Over 20,000 additional smart cameras will go live before 2026 closes, turning Astana into one of the largest single-city deployments of AI-driven video analytics outside China.

A key localization clause ensures Kazakh firms perform 60% of the integration work, fostering domestic expertise in computer vision, DevOps, and cybersecurity. This successful blueprint is now being replicated, with the cabinet directing Astana to package its platform for use in Almaty, Shymkent, and Karaganda, thereby expanding the market for local integrators.

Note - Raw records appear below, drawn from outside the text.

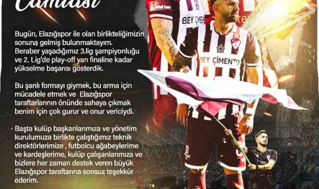 Elazığspor'un yollarını ayırdığı Mehmet Ablay, sosyal medya hesabından bir ayrılık mesajı yayımladı.
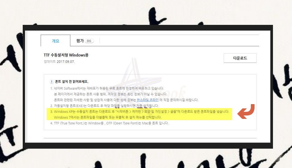 무료 캘리그라피 글씨체 다운 및 설치하기.
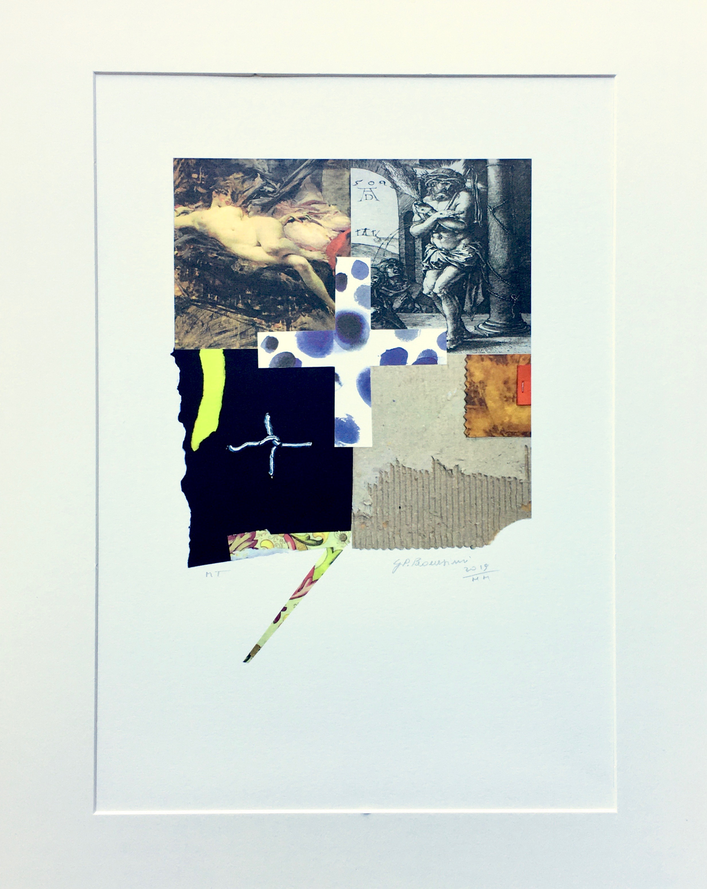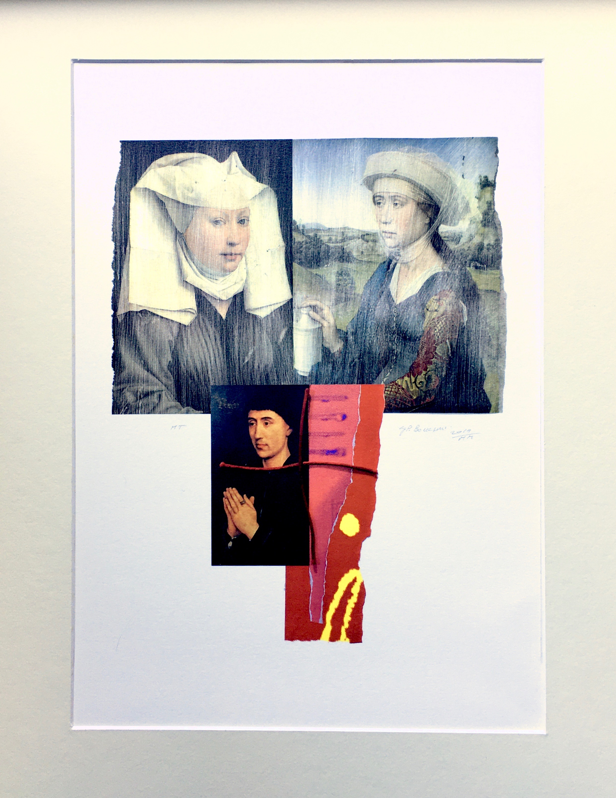 E’ possibile osservare in ciascuna opera, infatti, diversi interventi grafici e pittorici, con sovrapposizioni e stampa, fino a creare un insieme originale dove il “già visto” perde la sua efficacia.
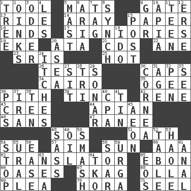 ACROSS 1. Utensil 5. Floor coverings 9. Yard entry 13. Travel on or in a vehicle 14. Like ___ of sunshine 15. Some stationery 16. Conclusions 17. Seigniories (variant) 19. Make supply last 20. "One Day ___ Time" 21. Music discs 22. A saturated hydrocarbon 23. Indian titles of respect 25. Being at a high temperature 26. Trials 30. Smile enhancers 34. Capital of Egypt 35. Double curve, resembling the letter S 36. Essential or central part 39. Tinged 42. French philosopher Descartes 43. Algonquian 44. Bee-related 46. Without 47. The wife of a rajah (variant) 48. Distress signal 51. Pledge 54. Take to court 57. Direct toward a target or goal 58. Player for Phoenix 60. Auto club (abbr.) 62. Interpreter 65. Inky black, to poets 66. Fertile tracts in a desert 67. Heroin 68. Spanish pot 69. Entreaty 70. Israeli folk dance 71. Sew up the eyelids of hawks and falcons DOWN 1. Relationship diagram 2. Pig sounds 3. More peculiar 4. French article 5. Vertical spar for supporting sails 6. Roberta Peters solo 7. Label 8. Synchronize (abbr.) 9. Slender fish 10. Capital of Western Samoa 11. Adolescent 12. Celtic language 15. Mail 18. Wedding promise 20. Toward the sea 24. Strong, restless desires 27. Be seated 28. Three (prefix) 29. Underwater navigation system 30. Pupil covering 31. Personal question 32. Writing instrument 33. Observe 36. Personal Computers (abbr.) 37. Lyricist Gershwin 38. "___ Little Indians" 40. Numbers guy (abbr.) 41. Metal container 45. Period of immesurable duration 48. Backtalk 49. Lubricate 50. Box-office sellout 52. Eating place 53. White Person, in Hawaii 54. Discontinue 55. Mountain range 56. Relaxation 58. Fly high 59. Capital and largest city of Mongolia 61. Of or related to the anus 63. Teachers' org. 64. Ring climax 65. Greek goddess of the dawn
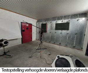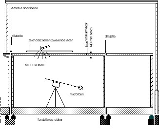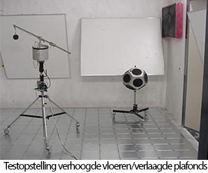 Wanneer het te onderzoeken bouwelement een vloerafwerking of een zwevende dekvloer is, dan maken we gebruik van onze standaard betonnen laboratoriumvloer en bepalen we de contactgeluidisolatie-verbetering, ∆L [dB]. Voor lichte vloeren, daken e.d. maken we gebruik van een meetopening van 4,0 m x 4,0 m tussen 2 boven elkaar gelegen meetruimten. De vloer of het dak wordt in de meetopening ingebouwd en dan wordt de absolute waarde van de contactgeluidisolatie Ln [dB] gemeten.
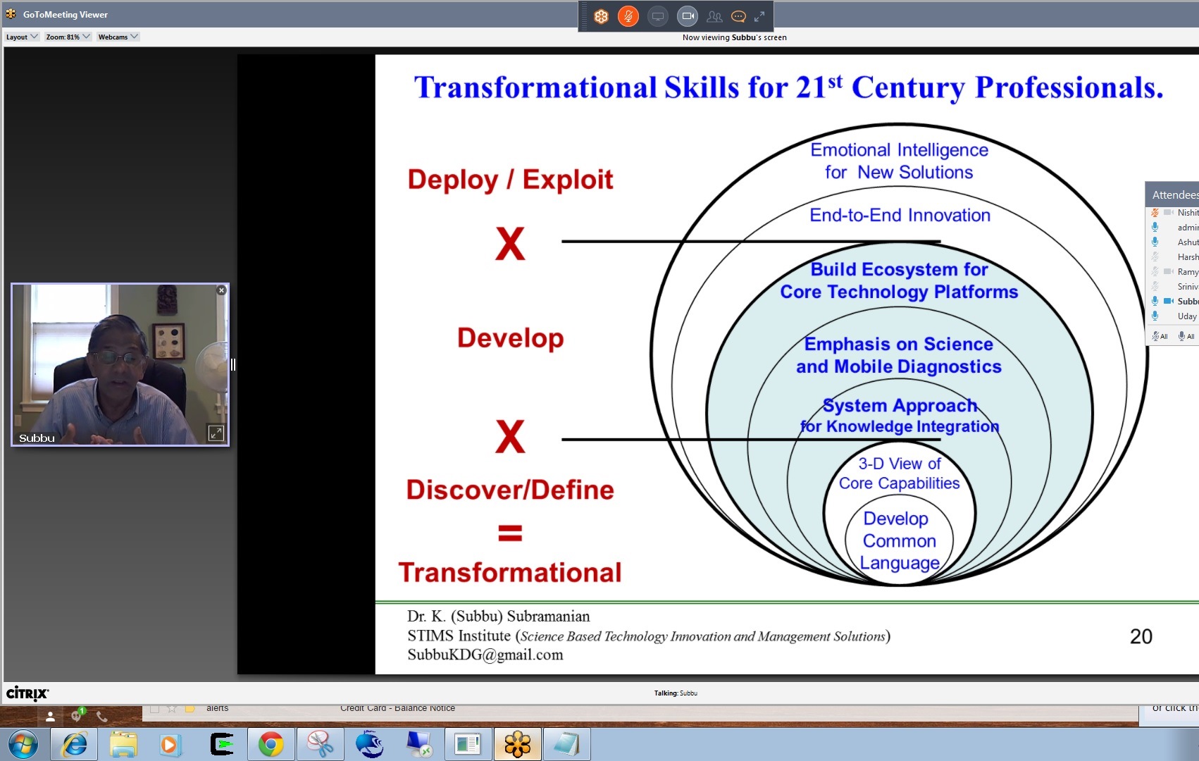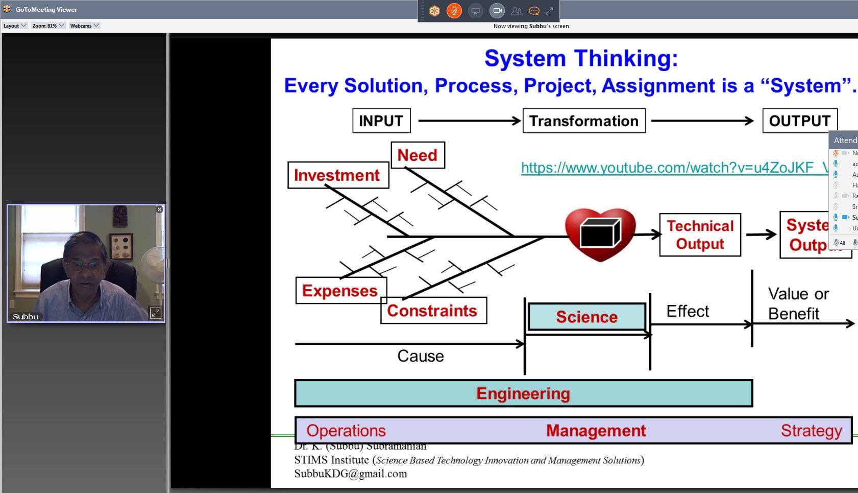 TOPIC – Systems Thinking and Transformational skills  SPEAKER – Dr. K. Subramanian, President, STIMS Institute    DATE – 28TH March 2015   ATTENDEES :   Name removed for privacy; Attendees from: USA, India, Dubai
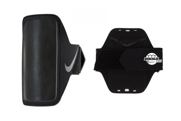 Brassard running noir conçu pour garder votre téléphone en sécurité pendant l’entraînement.
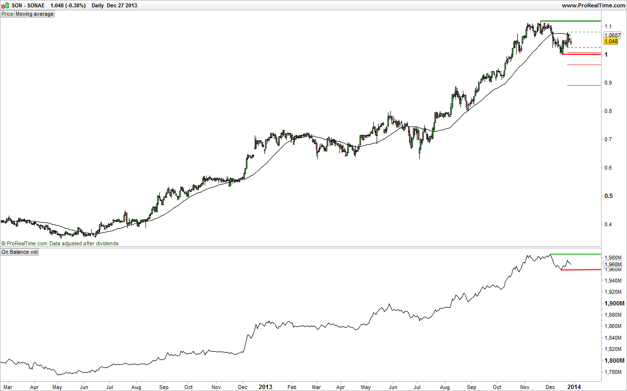 Posso dizer que hoje reforçei na Sonae, pois parece-me que existe um breakout com volume, como eu gosto, e no meu entender vale a pena o risco. Podia aguardar pela confirmação do breakout, mas nesta altura com a força bull que o PSI20 demonstra, não espero por isso.
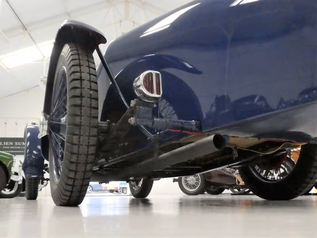 Since being repatriated to England the car has undergone a comprehensive rebuild. The chassis was stripped blasted, primed and painted and new bushes and bearings fitted wherever necessary. Bodywork has been attended to by coachwork specialist Ian Pitney with a new ash frame and remodelled tail not forgetting the correct cycle wings. To finish the look, an attractive and effective external Brooklands style exhaust was designed and fitted by Dave Tyler.
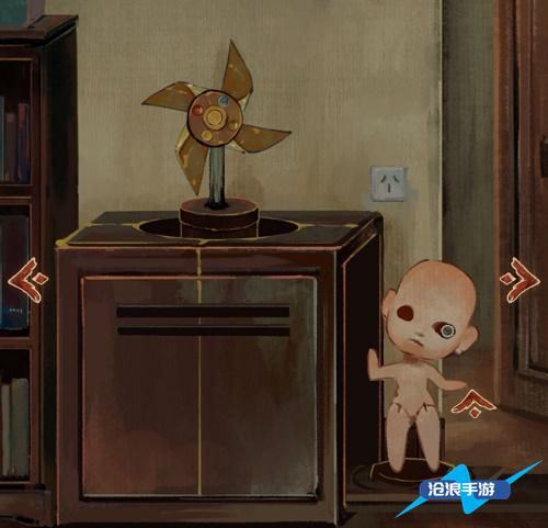 7、将神兽的翅膀放入屋中另一个神兽身上,神兽下落上升一个风车,将获取的四个球形装置和一个奇怪的装置放入风车中,出现一个娃娃点击他的眼睛,收集一个奇怪的装置。
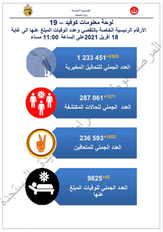 أعلنت وزارة الصحة في بيانها اليوم، عن تسجيل 1571 إصابة جديدة بفيروس كورونا و42 وفاة ، وذلك في الأرقام الرئيسية الخاصة بالتقصي وعدد الوفيات المبلغ عنها إلى غاية 18 أفريل 2021.

Industry analysts note this progress aligns with a global inflection point. The worldwide smart-city industry is valued at USD 2.7-2.8 trillion by 2027, with an AI segment forecast at USD 298 billion. While North America currently leads, Eurasia is the fastest-growing region, giving Kazakhstan strategic leverage as both chair of the EAEU and host of the region's only TOP500 supercomputer.

Enterprise demand is already visible. A recent Almaty conference highlighted a shift by major retail, pharma, and telecom companies from legacy systems to cloud-native platforms that use the same expanding data-center infrastructure. Localization kits that ensure data sovereignty and offer multilingual interfaces are removing final regulatory hurdles, while experience from over 30 enterprise roll-outs is informing public-sector projects.

Whether future IT exports are driven by smart-city solutions, AI start-ups, or traditional industries leveraging new data infrastructure, the common foundation is the platform built by "Digital Kazakhstan." With the presidential 2026 mandate adding political urgency and Astana's smart city serving as a scalable model, Kazakhstan is no longer just buying a digital future - it is building and selling one.